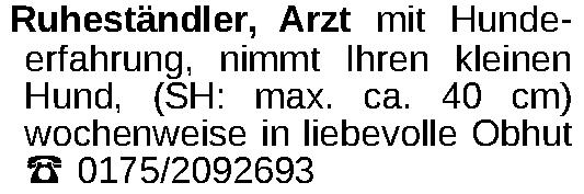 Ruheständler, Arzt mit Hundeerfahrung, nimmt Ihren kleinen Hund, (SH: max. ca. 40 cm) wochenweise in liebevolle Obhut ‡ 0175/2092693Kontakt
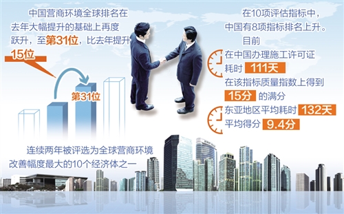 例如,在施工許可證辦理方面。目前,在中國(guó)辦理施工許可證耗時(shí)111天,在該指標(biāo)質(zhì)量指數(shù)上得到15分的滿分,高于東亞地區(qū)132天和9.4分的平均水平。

----------

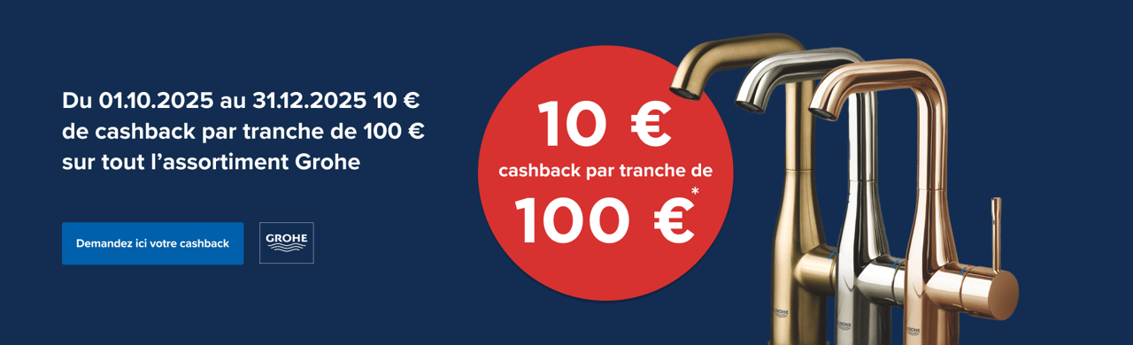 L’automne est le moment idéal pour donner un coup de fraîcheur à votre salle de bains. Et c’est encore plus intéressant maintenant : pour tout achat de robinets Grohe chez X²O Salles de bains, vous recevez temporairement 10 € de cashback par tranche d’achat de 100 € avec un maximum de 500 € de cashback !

----------

Task brief:
Copy exactly the lines of the entries above from the one containing "Ruheständler, Arzt mit" through the one containing "例如,在施工許可證辦理方面。". Both end lines count; pictures do not.

Expected answer:
 Ruheständler, Arzt mit Hundeerfahrung, nimmt Ihren kleinen Hund, (SH: max. ca. 40 cm) wochenweise in liebevolle Obhut ‡ 0175/2092693Kontakt
 例如,在施工許可證辦理方面。目前,在中國(guó)辦理施工許可證耗時(shí)111天,在該指標(biāo)質(zhì)量指數(shù)上得到15分的滿分,高于東亞地區(qū)132天和9.4分的平均水平。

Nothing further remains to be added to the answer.